Following re-equipment in Australia, Jackson led No. 75 Squadron back to New Guinea, arriving at Milne Bay on 25 July 1942 in company with another Kittyhawk unit, No. 76 Squadron. During the Battle of Milne Bay, Jackson's squadron was engaged in air defence against Japanese raiders and offensive strikes against convoys and other targets in support of Australian ground forces. On 25 August, the Kittyhawks launched an attack on enemy barges at Goodenough Island that resulted in all seven vessels being set on fire without the loss of any aircraft. The next day, Jackson personally led two of his unit's five concerted strafing assaults on the main Japanese convoy approaching Milne Bay. On 27 August, he and a fellow pilot each claimed a Zero; the Japanese fighters had been focussing on machine-gunning one of their own aircraft that had crash-landed following combat with a USAAF B-26 Marauder, presumably to prevent it falling into Allied hands, and were 'bounced' by the Australian pilots.
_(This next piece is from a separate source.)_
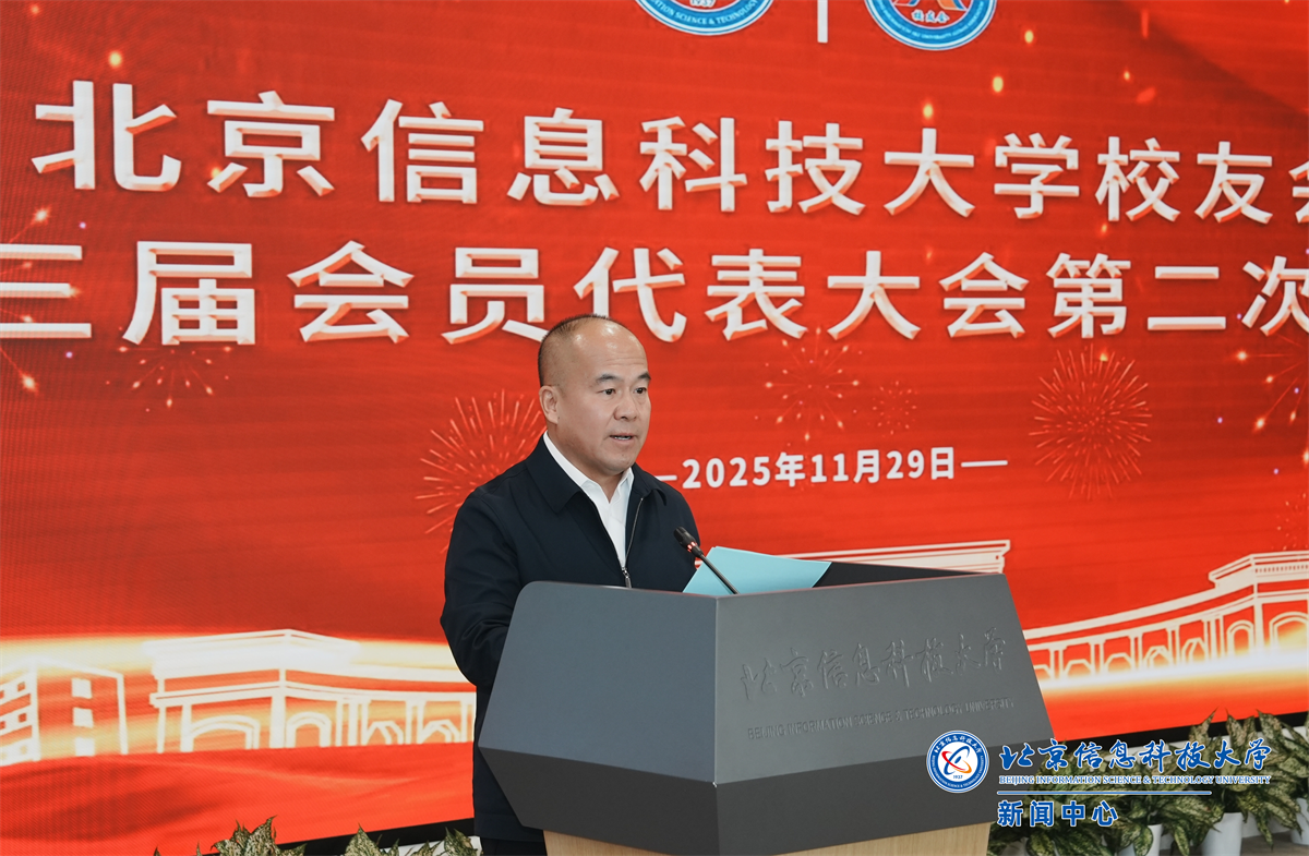 郭福在致辞中代表学校向与会校友代表表示热烈欢迎,对广大校友长期以来关心支持母校发展表示衷心感谢。他指出,校友是母校最宝贵的财富,是母校事业发展最坚实的依靠,更是母校精神最鲜活的载体。自第三届会员代表大会第一次会议以来,校友会始终围绕“服务校友、服务母校、服务社会”的宗旨,持续完善组织建设、深化情感联络、促进资源共享,推动校友与母校之间形成紧密互动、协同发展的良好局面。他强调,近年来,学校按照“外树形象、内聚力量、服务师生、加快发展”总体思路,紧紧围绕内涵建设与高质量发展,取得了一系列令人振奋的办学成果,这些成绩的取得,离不开广大校友的倾情关注与鼎力支持。面向未来,郭福对校友会工作提出三点希望:一是深耕精神传承,筑牢情感根基,持续完善校友网络,创新服务机制,让校友会成为所有“信息科大人”心中最温暖的精神家园;二是聚焦协同融合,激活发展动能,搭建母校、校友与行业之间的联动平台,推动双向赋能、共同发展;三是强化自身建设,提升服务质效,完善组织架构,规范运行机制,以更高水平的专业服务回应校友期盼,助力校友成长。

His victory made Jackson an ace, the first from the RAAF in New Guinea. By 28 August, Japanese troops were threatening to overrun the RAAF airfield at Milne Bay, and the Kittyhawk squadrons were ordered to withdraw to Port Moresby for one night. Returning to Milne Bay the next day, Jackson's plane developed trouble and he had to ditch on the coast; with the help of New Guinea natives, he reached Port Moresby by boat three days later. By 7 September the Japanese had withdrawn their troops from the Milne Bay area; Generals Sydney Rowell and Cyril Clowes both described the efforts of Nos. 75 and 76 Squadrons as "the decisive factor" in repulsing the invading forces.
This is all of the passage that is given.